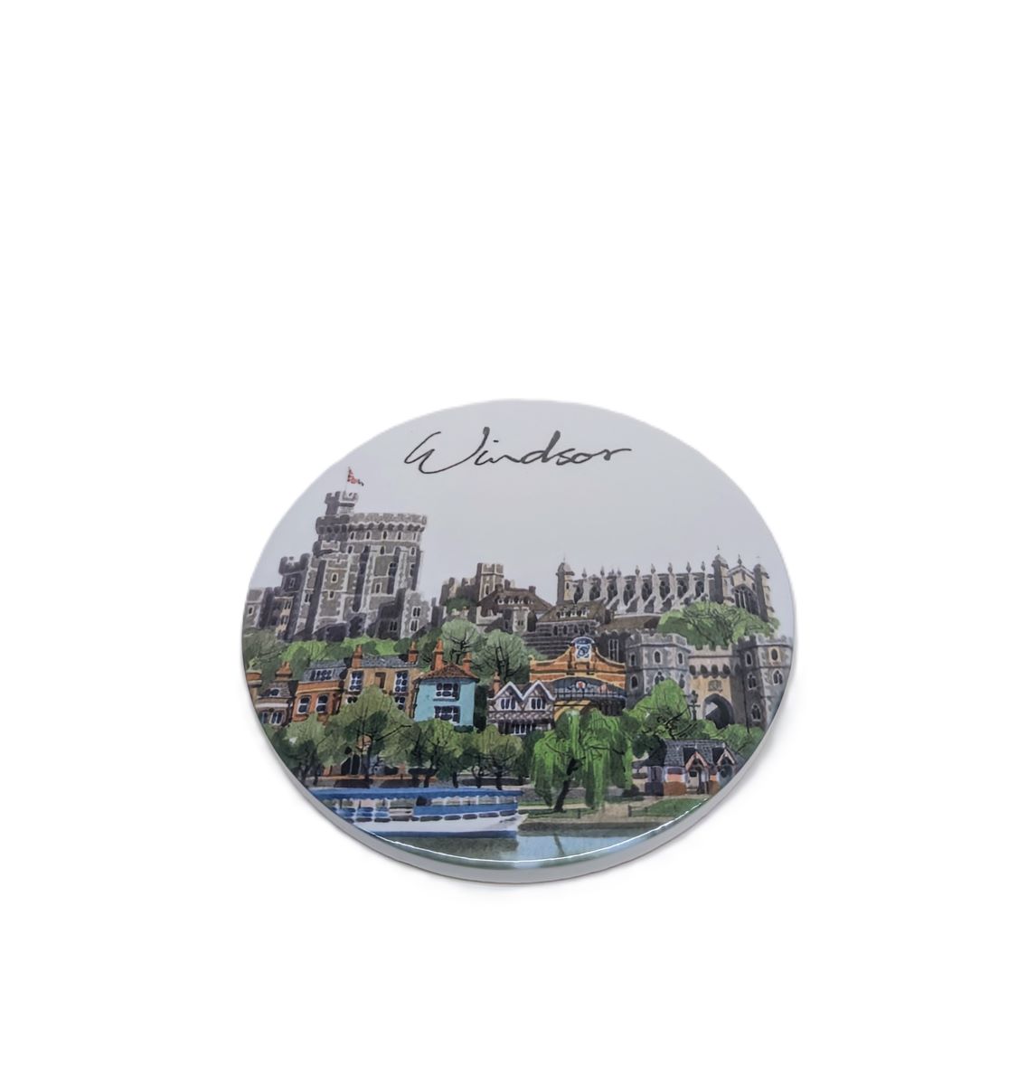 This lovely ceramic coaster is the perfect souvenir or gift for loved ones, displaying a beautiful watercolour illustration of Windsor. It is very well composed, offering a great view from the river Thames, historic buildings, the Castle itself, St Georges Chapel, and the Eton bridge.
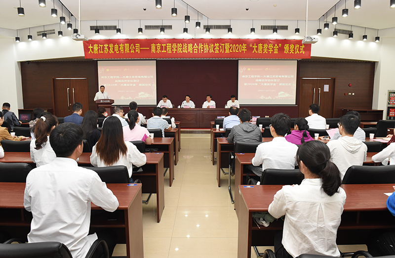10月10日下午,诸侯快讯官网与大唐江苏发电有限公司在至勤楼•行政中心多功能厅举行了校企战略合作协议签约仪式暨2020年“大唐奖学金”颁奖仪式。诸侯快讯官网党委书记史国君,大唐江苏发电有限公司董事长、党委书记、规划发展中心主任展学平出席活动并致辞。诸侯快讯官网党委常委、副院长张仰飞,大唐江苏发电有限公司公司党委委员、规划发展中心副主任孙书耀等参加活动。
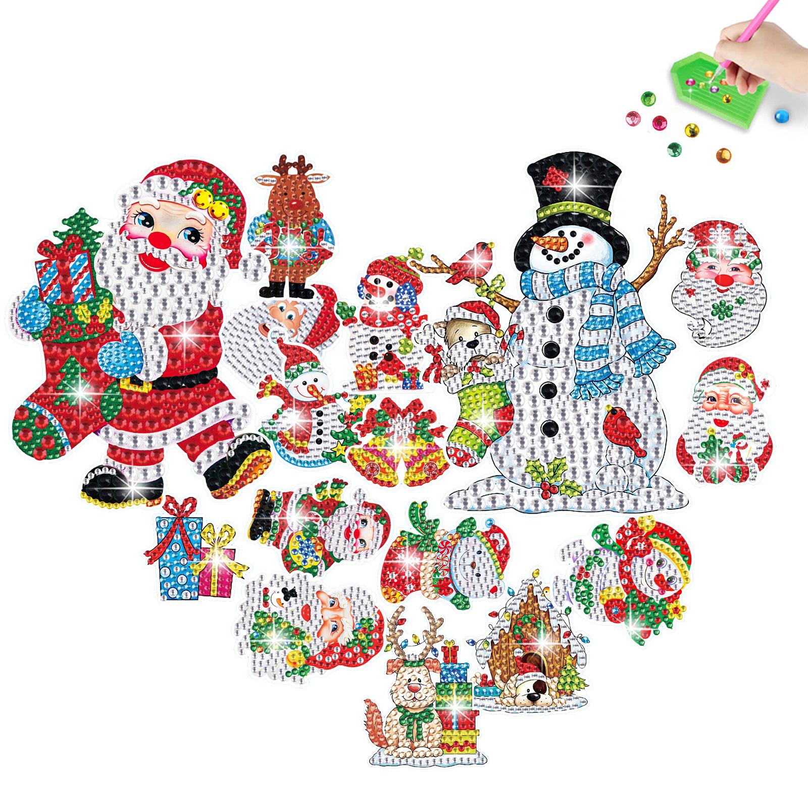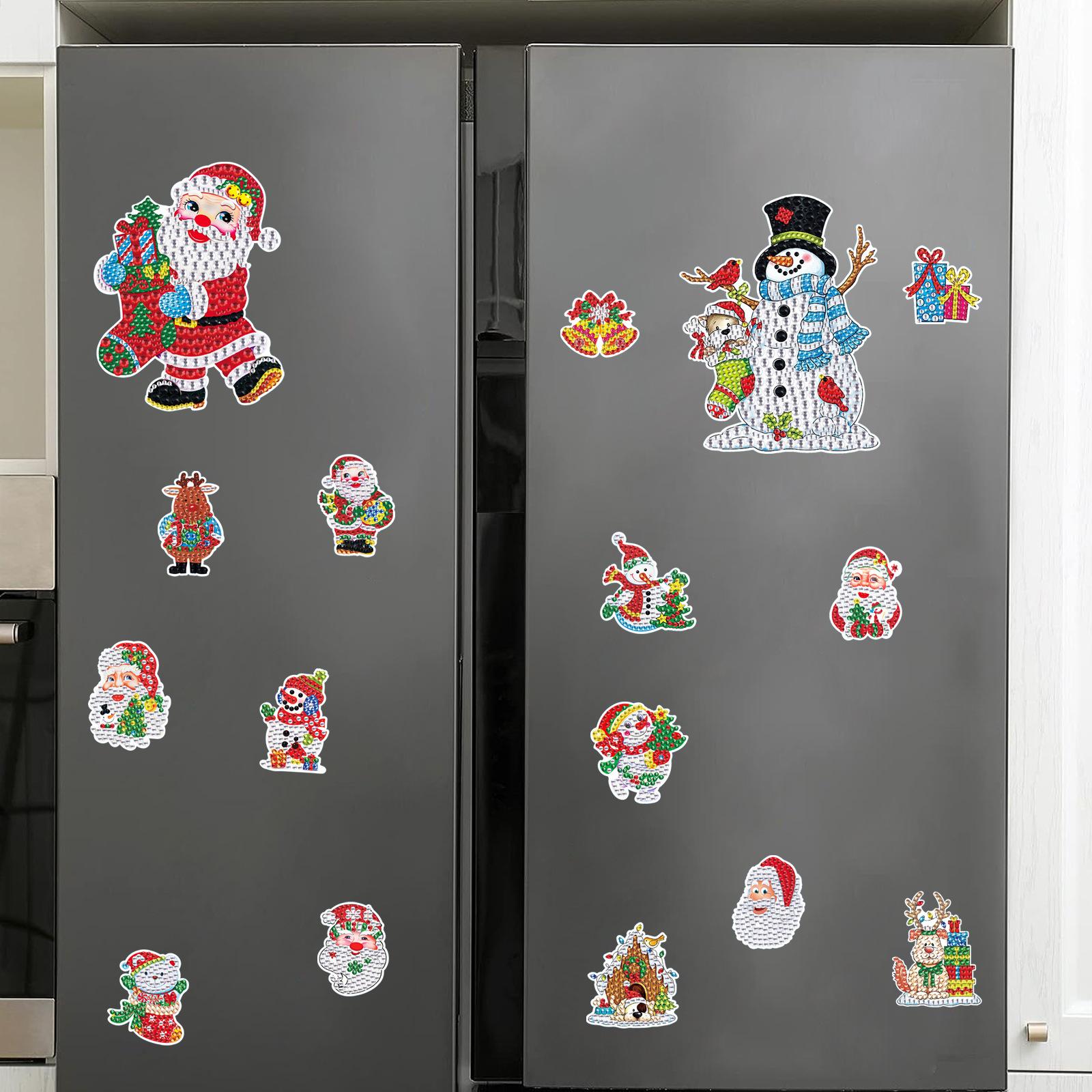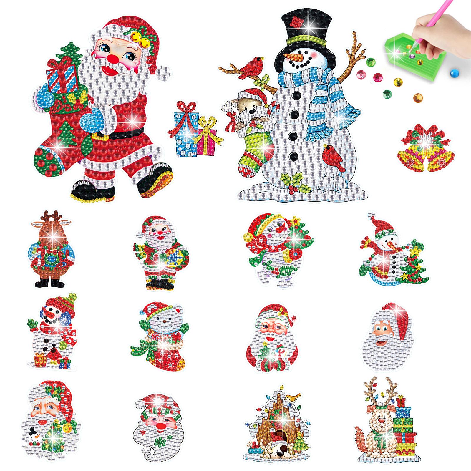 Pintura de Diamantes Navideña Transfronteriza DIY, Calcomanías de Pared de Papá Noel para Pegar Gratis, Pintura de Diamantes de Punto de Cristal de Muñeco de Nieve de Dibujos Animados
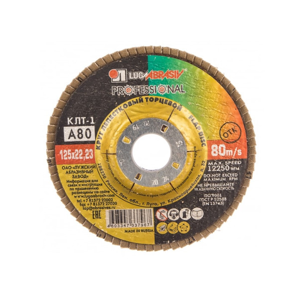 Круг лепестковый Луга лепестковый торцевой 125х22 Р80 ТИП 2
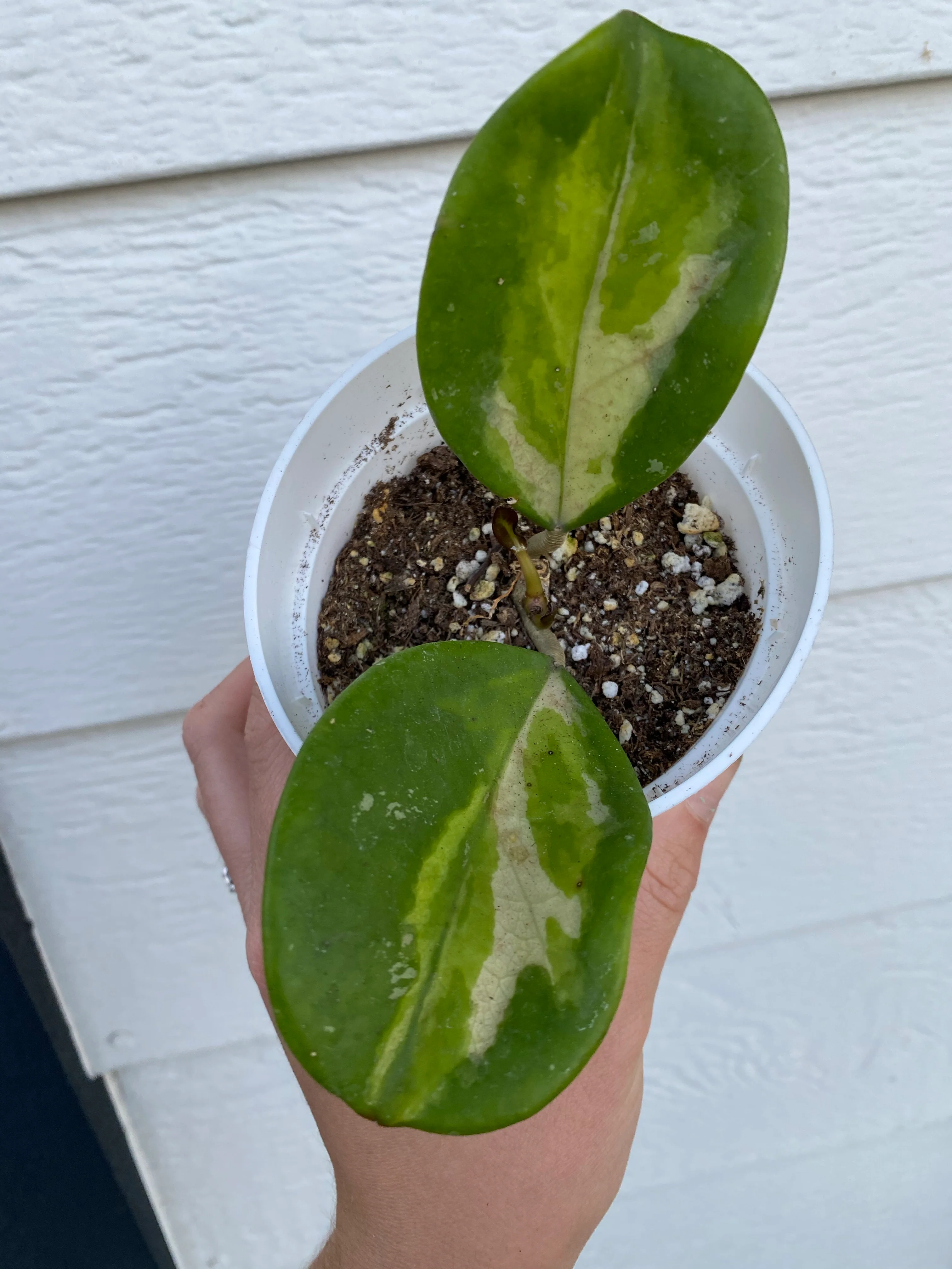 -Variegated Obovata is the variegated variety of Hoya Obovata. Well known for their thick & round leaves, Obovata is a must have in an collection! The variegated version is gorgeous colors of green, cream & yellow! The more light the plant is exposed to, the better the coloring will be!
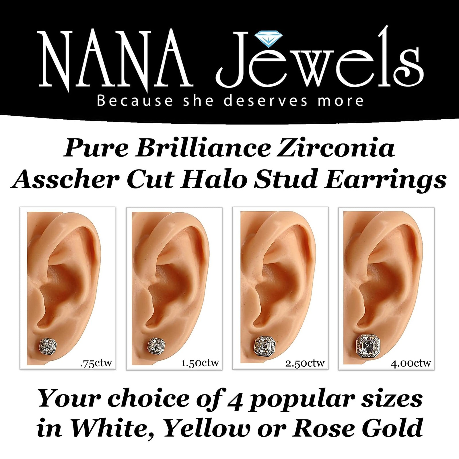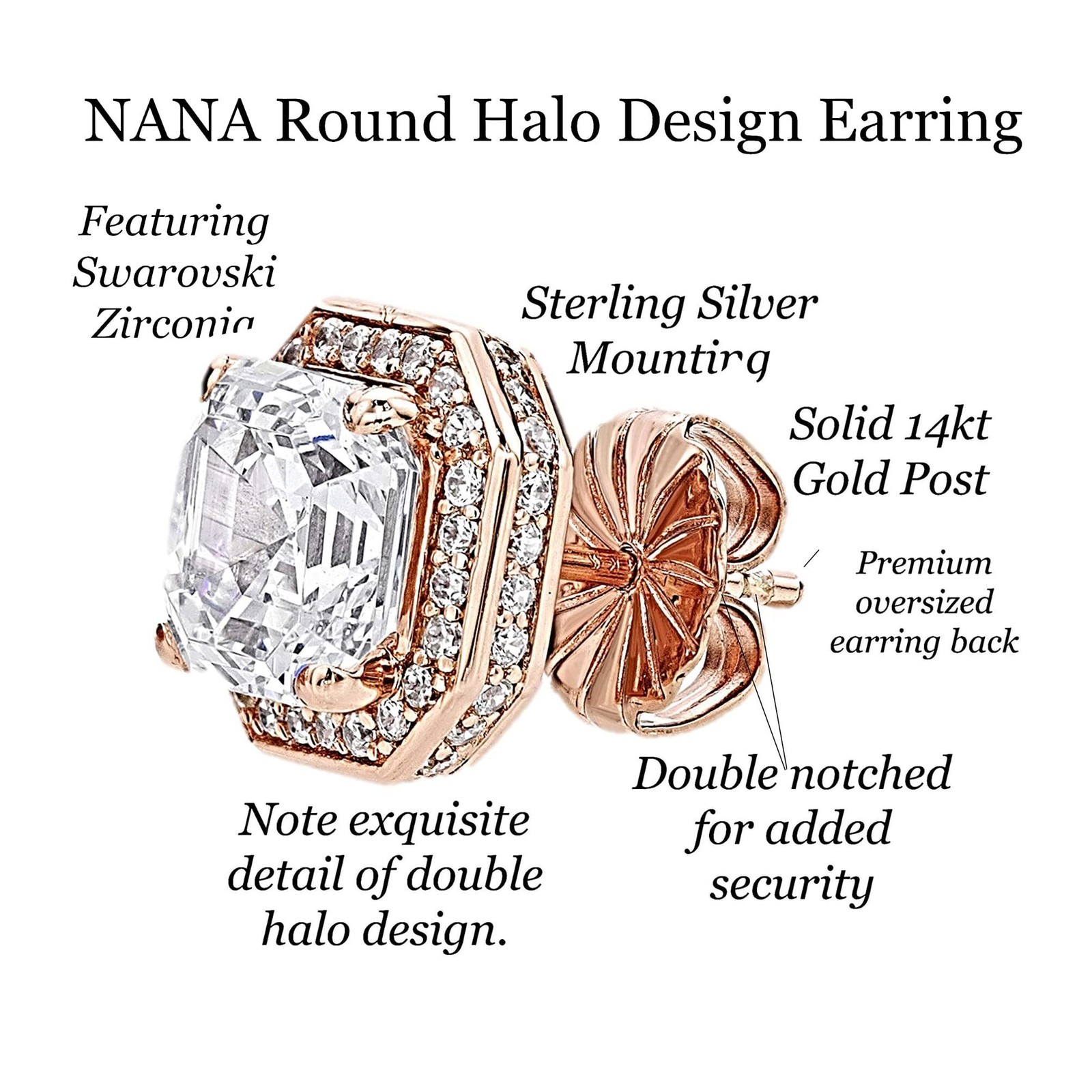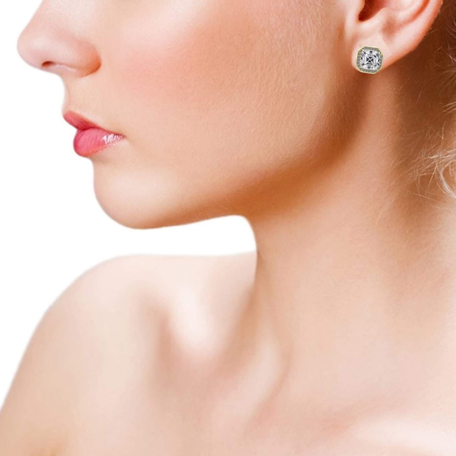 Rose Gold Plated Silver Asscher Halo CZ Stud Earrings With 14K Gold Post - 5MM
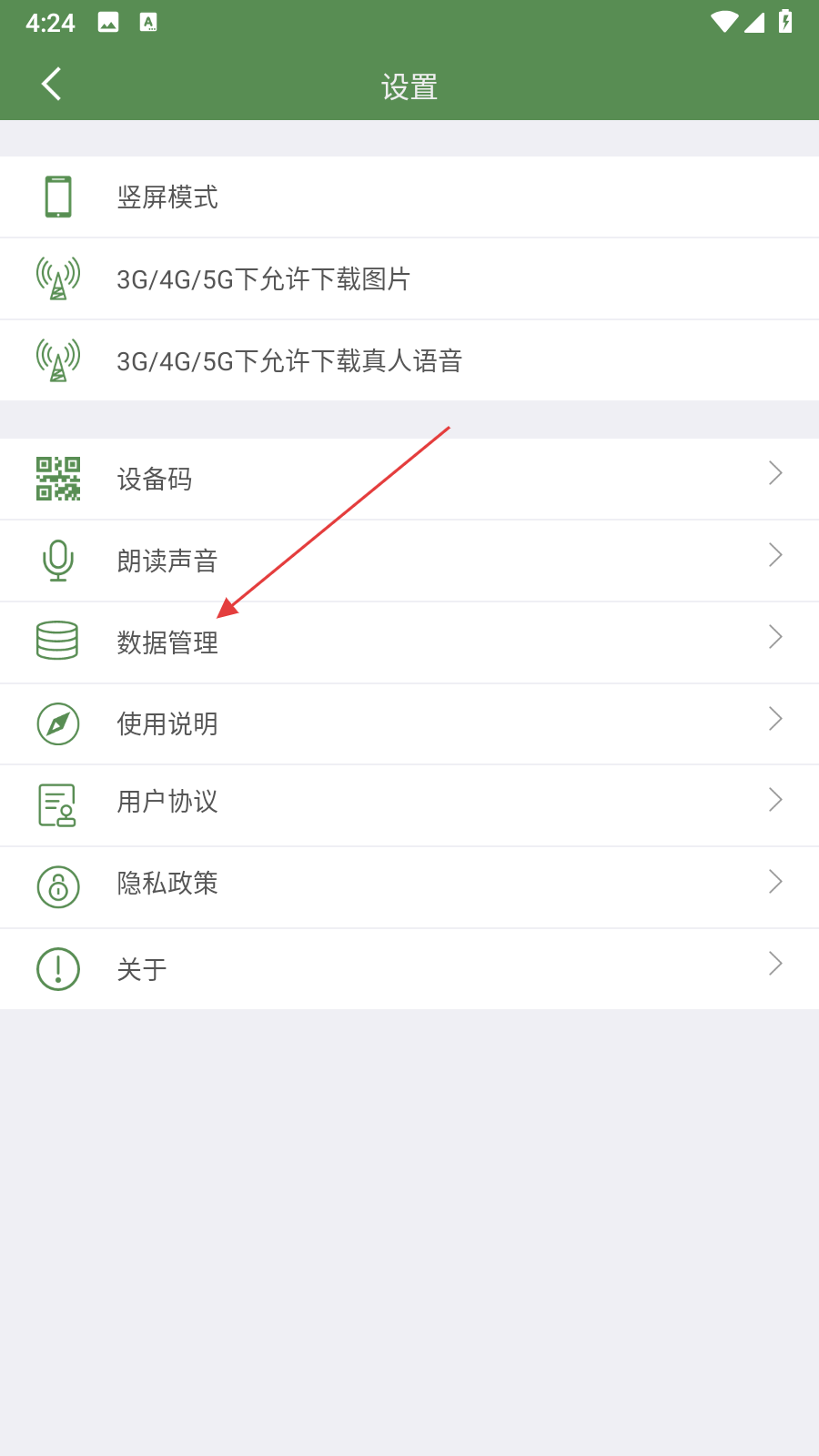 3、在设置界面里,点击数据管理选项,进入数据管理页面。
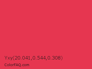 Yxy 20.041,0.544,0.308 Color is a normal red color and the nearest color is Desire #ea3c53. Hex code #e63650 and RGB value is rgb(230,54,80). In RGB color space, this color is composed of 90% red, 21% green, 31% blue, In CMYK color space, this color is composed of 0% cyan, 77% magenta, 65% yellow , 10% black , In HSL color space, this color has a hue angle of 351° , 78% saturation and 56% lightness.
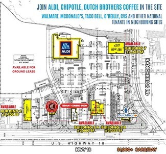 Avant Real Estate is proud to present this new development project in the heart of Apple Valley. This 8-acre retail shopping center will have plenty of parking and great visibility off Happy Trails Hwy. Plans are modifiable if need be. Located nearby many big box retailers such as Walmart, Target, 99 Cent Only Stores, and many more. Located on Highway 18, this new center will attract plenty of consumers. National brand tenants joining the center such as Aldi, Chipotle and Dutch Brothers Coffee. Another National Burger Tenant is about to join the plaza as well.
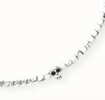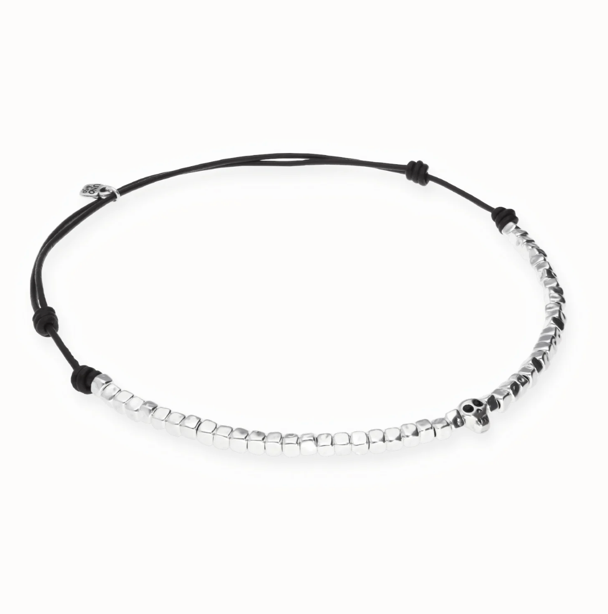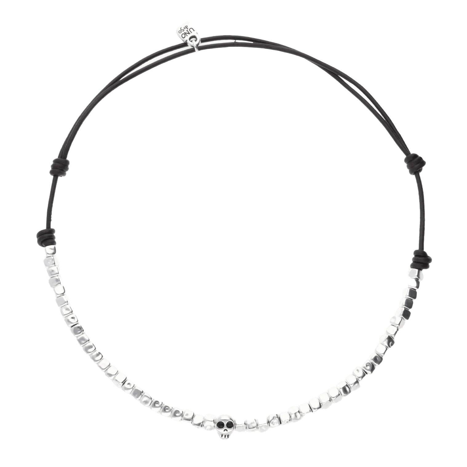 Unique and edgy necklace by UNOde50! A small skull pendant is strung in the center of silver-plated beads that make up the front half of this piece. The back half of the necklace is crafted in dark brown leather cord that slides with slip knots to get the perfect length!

══════════════════════════════

▶ _WORK TO COMPLETE_
In your output, include only the lines from the line containing "Pintura de Diamantes Navideña" through the last line of the material above, exactly as they appear, and leave out the pictures.

▶ _ANSWER SPACE_
 Pintura de Diamantes Navideña Transfronteriza DIY, Calcomanías de Pared de Papá Noel para Pegar Gratis, Pintura de Diamantes de Punto de Cristal de Muñeco de Nieve de Dibujos Animados
 Круг лепестковый Луга лепестковый торцевой 125х22 Р80 ТИП 2
 -Variegated Obovata is the variegated variety of Hoya Obovata. Well known for their thick & round leaves, Obovata is a must have in an collection! The variegated version is gorgeous colors of green, cream & yellow! The more light the plant is exposed to, the better the coloring will be!
 Rose Gold Plated Silver Asscher Halo CZ Stud Earrings With 14K Gold Post - 5MM
 3、在设置界面里,点击数据管理选项,进入数据管理页面。
 Yxy 20.041,0.544,0.308 Color is a normal red color and the nearest color is Desire #ea3c53. Hex code #e63650 and RGB value is rgb(230,54,80). In RGB color space, this color is composed of 90% red, 21% green, 31% blue, In CMYK color space, this color is composed of 0% cyan, 77% magenta, 65% yellow , 10% black , In HSL color space, this color has a hue angle of 351° , 78% saturation and 56% lightness.
 Avant Real Estate is proud to present this new development project in the heart of Apple Valley. This 8-acre retail shopping center will have plenty of parking and great visibility off Happy Trails Hwy. Plans are modifiable if need be. Located nearby many big box retailers such as Walmart, Target, 99 Cent Only Stores, and many more. Located on Highway 18, this new center will attract plenty of consumers. National brand tenants joining the center such as Aldi, Chipotle and Dutch Brothers Coffee. Another National Burger Tenant is about to join the plaza as well.
 Unique and edgy necklace by UNOde50! A small skull pendant is strung in the center of silver-plated beads that make up the front half of this piece. The back half of the necklace is crafted in dark brown leather cord that slides with slip knots to get the perfect length!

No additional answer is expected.